She pointed to her sunken in stomach. "You did this, Edward! You killed us! I'll never be a mother now! It should have been you that died. Why…why did you murder us? I loved you so much. How could you?"
I tried to go to Bella. Even though she was some kind of corpse, she was all I had left. The tentacles tightened around my ankles.

Benny walked up and wrapped his arm around my babydoll's waist. "It's time," he whispered.

Bella turned away from me. I begged for her to stay, but she started walking towards the fucking water with Benny. I fought against my constraints and screamed until my fucking voice gave out. I just needed her to stay with me. She was my fucking soul.

I watched in horror as Benny stepped into the waves and was taken under. When Bella was at the edge, she looked at me. The sadness in her soulless black eyes killed the last part of my fucking heart. I wouldn't survive life without my angel.

"Edward, we loved you so much. Our blood is on your hands."

She threw something to me. The object landed at my feet. It was the last sonogram that was taken of our baby. When I bent down to pick it up, the picture caught fire and burned to ashes.

"That was your son, Edward. I hope you spend the rest of your life knowing that you killed our baby boy."

My babydoll let out a blood curdling scream before joining Benny in the fucking water.

I bit, fought, kicked, and yelled, but nothing brought Bella back to me. Life no longer had any meaning. I wanted to die, too. I needed to be under the waves with my babydoll.

~~LAMTAF~~

When I opened my eyes, I was in the fucking padded white room again. I didn't know how many days I'd been there, but it seemed like forever. I just wanted to fucking die, but no one would let me.

My fucking life had been an empty black hole since…. There was nothing left on Earth for me. I felt like my blood had been replaced with fucking poisonous venom that was slowly killing my ass.
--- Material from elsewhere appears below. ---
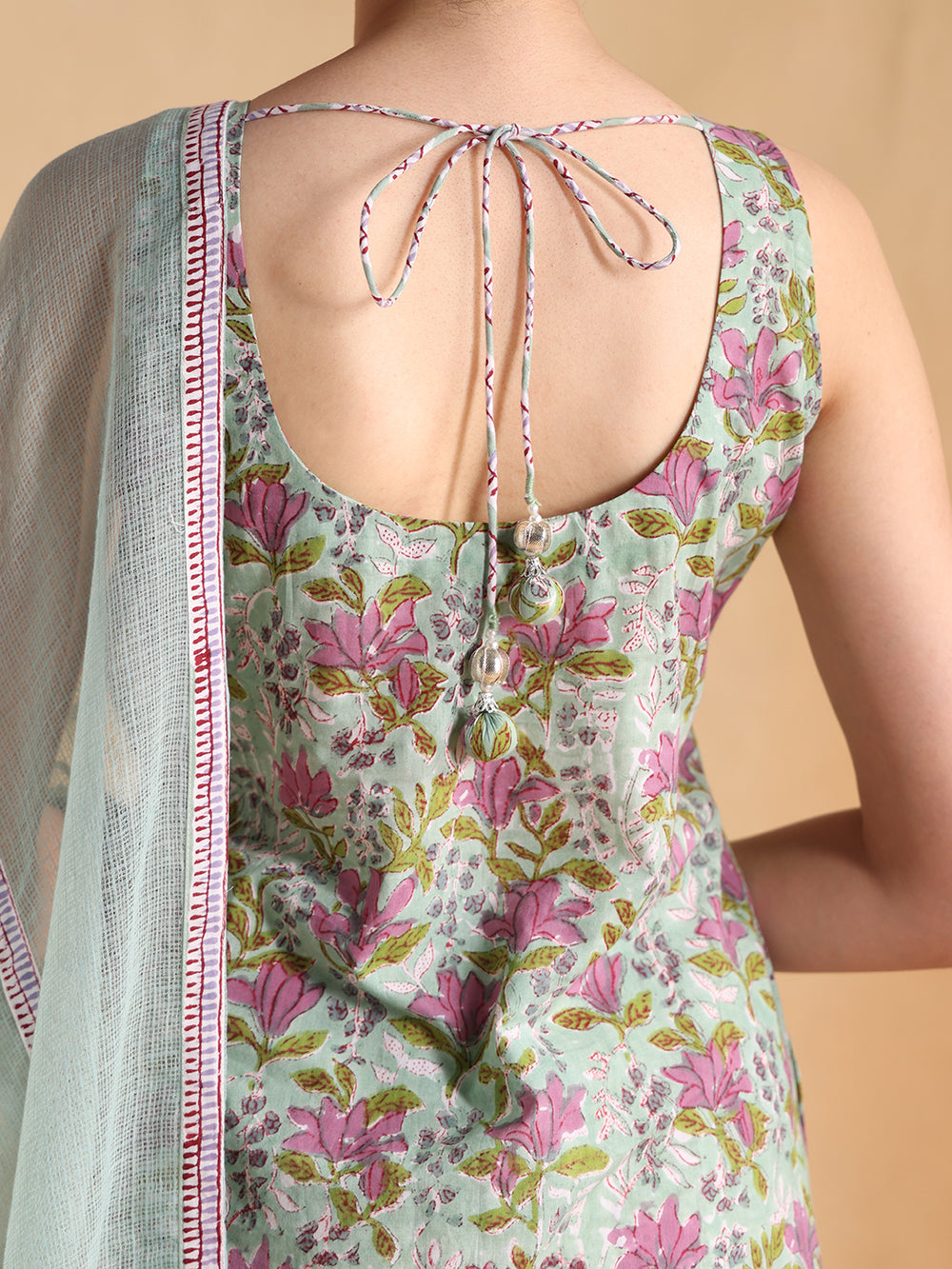 Elevate your style with Jaipuri Banno stunning sea green sleeveless suit, featuring a striking V-neck design. This beautiful ensemble is perfect for making a statement at any occasion. The vibrant sea green hue adds a touch of elegance and sophistication, making it a must-have in your wardrobe.
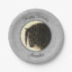 Schwarzes Friesisches Pferd mit einer langen, gewölbten Mähne mit warmen gelben Highlights aus dem späten Nachmittagssonnenlicht, alles auf einem silbergrauen Muster Hintergrund.

That day, after I threw my fucking phone through the window, I reached for my SIG. I was about to blow my fucking brains out all over the Church pews, but there were no more fucking bullets. By the time I found some in my pocket, Caius had given the bodyguards orders to take all my weapons and put my ass on a plane to Chicago. I fought like hell, but I was no fucking match for the big ass guards. In the end, they drugged my ass and carried me onto the plane.

When I woke up, I was in my guest room at the Volturi's main house. Caius came to see me. I called him every fucking name in the book. It wasn't his fault, but he was the only there for me to blame, so I lashed out at him.

He took it all in stride. I lost count of how many times he apologized to me. Everyone was so fucking sorry. It didn't do shit to bring my babydoll back--just the word, 'babydoll' made me want to slit my fucking wrists.

The Volturi mansion had been cleaned up and repaired. It didn't even look like a fucking bombing had occurred. It made me angry. Everything was so fucking false. What good did it do to pretend that everything was okay when it wasn't?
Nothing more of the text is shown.